India To Launch Its First Home-built Carrier, But There Aren’t Enough Aircraft On Deck

After 17 years of testing and building, India will formally commission its first aircraft carrier on Friday as it tries to catch up to its rival China and its far larger naval fleet.

However, the INS Vikrant won’t have its own squadron of fighter jets on deck; instead, it will depend on a few Russian-built aircraft that it will take over from the sole other carrier in India, the INS Vikramaditya.

The Vikrant, a 262 meter-long ship constructed at the state-run Cochin Shipyard NSE 1.35% in southern India, is to be equipped with more than 20 aircraft, and France’s Dassault and Boeing are competing to supply the Indian government with these aircraft.

Reuters contacted the Indian Navy and the ministry of defence, but neither organisation responded.

The carrier, which was created by the Indian Navy, is the biggest warship ever constructed in the nation. It can house a crew of about 1,600 people and fly a fleet of 30 aircraft, including fighter jets and helicopters.

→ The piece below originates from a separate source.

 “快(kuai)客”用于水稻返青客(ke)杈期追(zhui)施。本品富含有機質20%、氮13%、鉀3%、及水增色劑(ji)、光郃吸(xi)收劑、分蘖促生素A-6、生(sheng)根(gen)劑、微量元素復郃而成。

According to India’s defence ministry, more than 100 smaller companies and six major industrial companies supply the equipment and machinery for more than 75% of the ship’s components.

After nearly a year of sea trials, Prime Minister Narendra Modi will commission the Vikrant on Friday.

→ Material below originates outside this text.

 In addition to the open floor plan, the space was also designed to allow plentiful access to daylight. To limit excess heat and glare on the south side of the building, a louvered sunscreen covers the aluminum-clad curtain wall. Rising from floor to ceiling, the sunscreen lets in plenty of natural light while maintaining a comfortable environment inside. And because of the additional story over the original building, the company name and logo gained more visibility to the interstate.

“The ship’s performance during sea trials will serve as the final litmus test. Aircraft operations haven’t started yet, despite the fact that it appears to be performing fairly well in terms of stability. One expects it would be a complete success story “Admiral Arun Prakash, a former head of the Indian Navy’s naval staff, said to Reuters.

The choice of an aircraft became unrelated to the carrier project as a result of our customarily fragmented decision-making process, he explained.

“We knew the ship would probably be commissioned this year, and the selection and negotiation processes should have begun far in advance, perhaps three to four years earlier.”

According to recent Navy publications, the Vikrant is also missing a naval radar system, according to Prathamesh Karle, a naval analyst with the defence intelligence firm Janes.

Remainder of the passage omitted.